TASK GOAL >>
Although the records include pictures, the copy should not; write out exactly the lines from the first through the line with "Measuring 30cm (width)".
======== INFORMATION
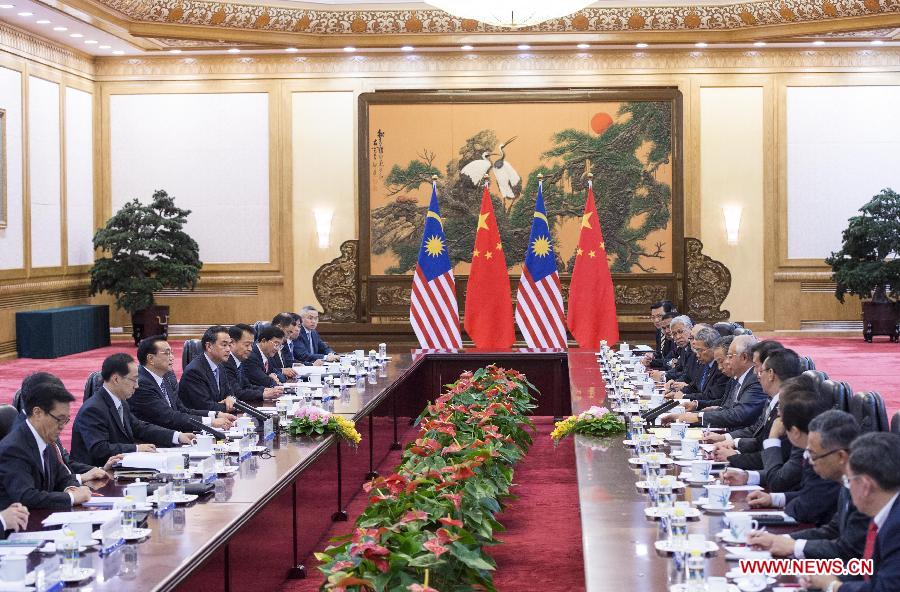 | Chinese Premier Li Keqiang holds talks with Malaysian Prime Minister Najib Razak in Beijing, capital of China, May 29, 2014. (Xinhua/Wang Ye) |
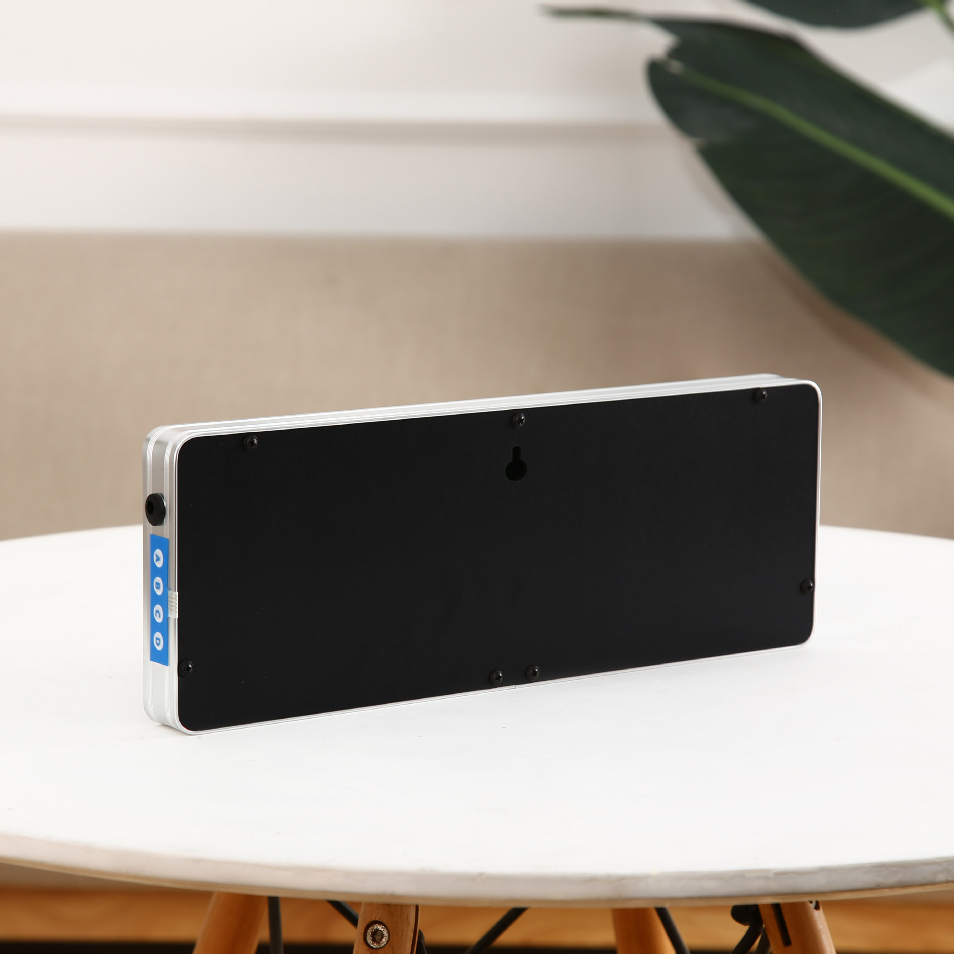 Measuring 30cm (width) x 25cm (height) x 1.6cm (depth), this clock is slim yet impactful, making it ideal for wall mounting or tabletop display. The perpetual calendar function ensures accurate date tracking for years to come, while the temperature display adds a practical touch for daily use. Crafted with a premium aluminum alloy shell, it’s both lightweight and durable, perfect for long-term use.
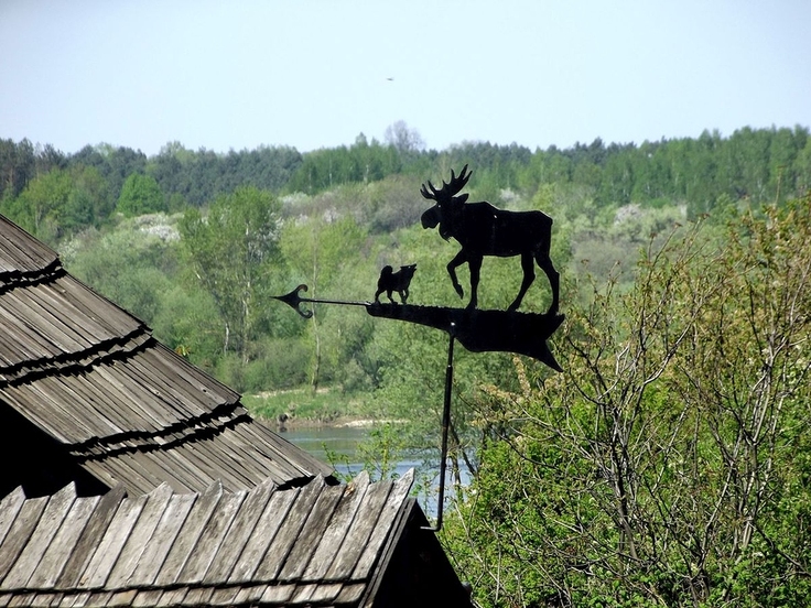 Fajny wiatrowskaz. W Skandynawii, polując na łosie używa się do pomocy łajki lub karjalankarhukoirę (karelski pies na niedźwiedzie), i taki pokrój psa jest widoczny na tym wiatrowskazie. Gratuluję spostrzegawczośći.
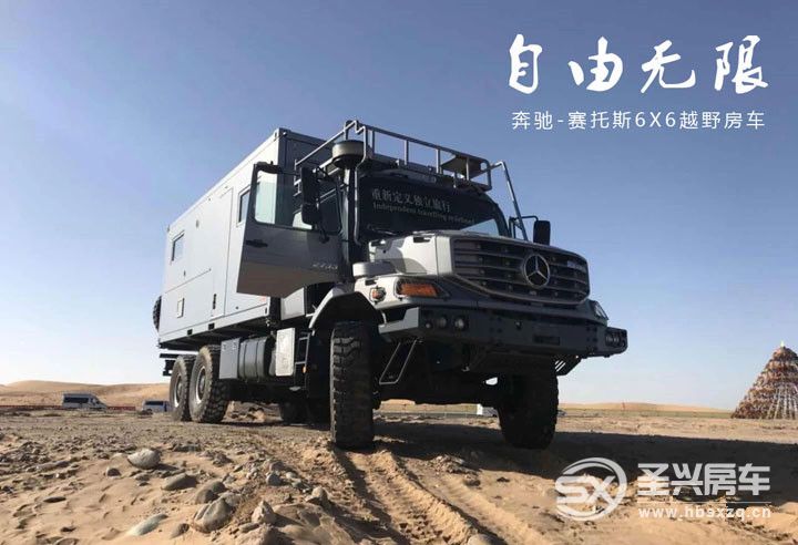 奔馳賽托斯6X6越野房車,全球限量九臺,亞洲唯一 一臺。奔馳塞托斯全地形越野房車凝聚卓越品質與領先科技,面對挑戰迎難而上,特為永不妥協的專業人士而生。它就像沙漠中的駱駝一樣,等待你去征服去駕馭。
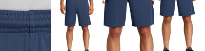 Two layers of 100% polyester wicking knit ; Wicks moisture away from the body ; Full-cut ; Fully reversible ; Each layer hemmed separately for embellishment ; 9-inch inseam ;
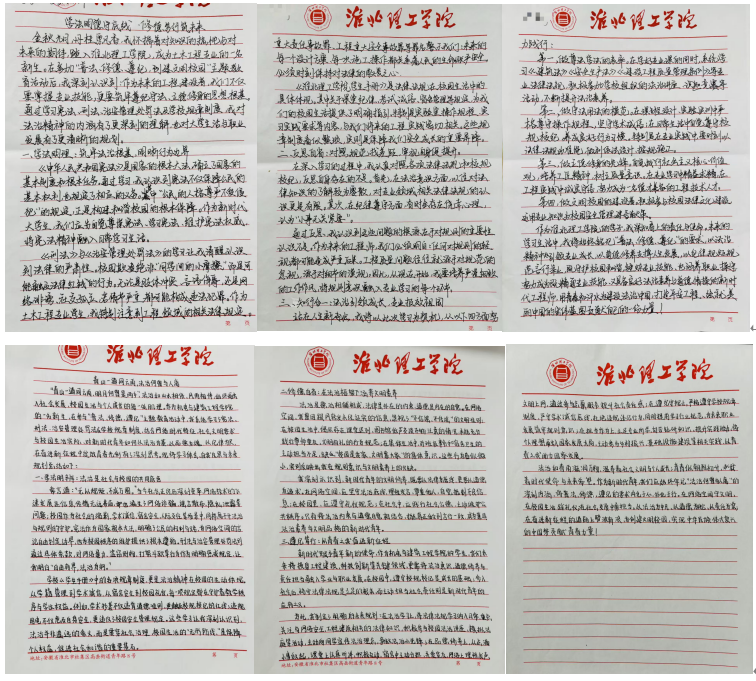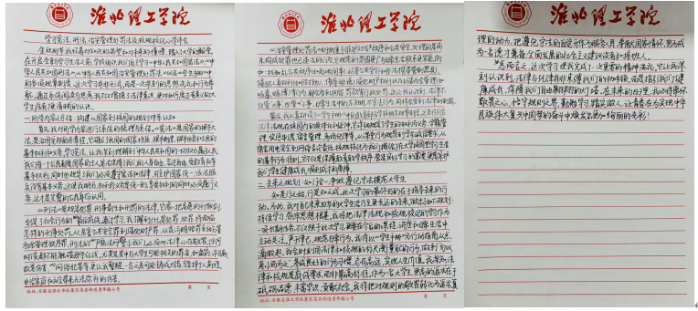 在自主学习阶段,同学们认真研读法律条文与校规校纪,结合自身成长经历和大学生活规划,梳理知识点、记录学习感悟。不少同学表示,此次自主学习让自己对法律的严肃性和校规的重要性有了更深刻的认识,也意识到法治素养是当代大学生不可或缺的基本素养。随后,同学们严格按照要求,撰写不少于1000字的手写学习体会,内容涵盖法律法规与校规校纪的学习总结、结合自身情况的深刻反思,以及未来遵法守纪、修身立德的具体规划。所有心得稿件均统一使用印有beat365英国官方网站标识的信纸书写,字迹工整、卷面整洁,充分展现了机电与建筑工程学院新生的良好学风。
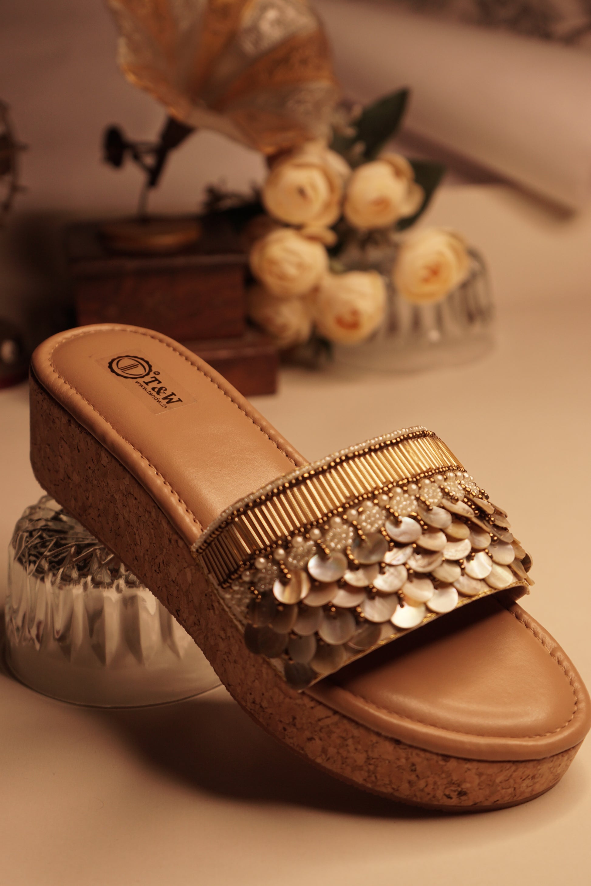 Expertly crafted in India, the Dolphin (Cork Heel) offers a unique blend of style and comfort. The signature cork heel and inner doctor sole provide support and reduce impact while the non-slip sole ensures stability. Featuring intricate dabka work, these sandals are perfect for any occasion.
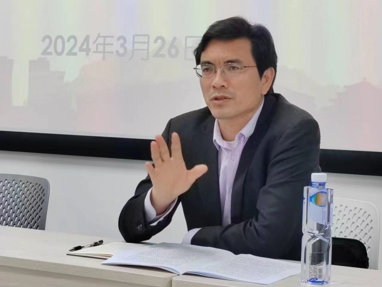 3月26日,马克思主义学院在雷锋校区L1512教室开展深入学习习近平总书记在湖南考察时的重要讲话和在新时代推动中部地区崛起座谈会上的重要讲话活动。学院直属党支部书记刘振强主讲,班主任阳海飞、辅导员汤雷以及2023级思想政治教育专业全体学生参加。会议由学工办主任周雄艳主持。
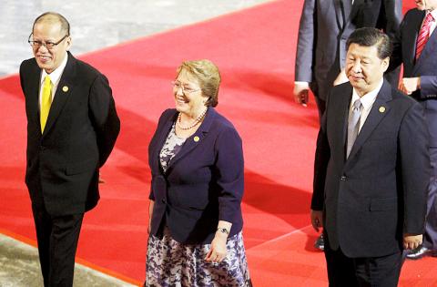 In a speech at a business forum in Manila ahead of the summit, Chinese President Xi Jinping (習近平) did not directly mention the territorial disputes, but he did call on Pacific nations to “resolve our differences through dialogue and consultation.”
================
ANSWER >>
 | Chinese Premier Li Keqiang holds talks with Malaysian Prime Minister Najib Razak in Beijing, capital of China, May 29, 2014. (Xinhua/Wang Ye) |
 Measuring 30cm (width) x 25cm (height) x 1.6cm (depth), this clock is slim yet impactful, making it ideal for wall mounting or tabletop display. The perpetual calendar function ensures accurate date tracking for years to come, while the temperature display adds a practical touch for daily use. Crafted with a premium aluminum alloy shell, it’s both lightweight and durable, perfect for long-term use.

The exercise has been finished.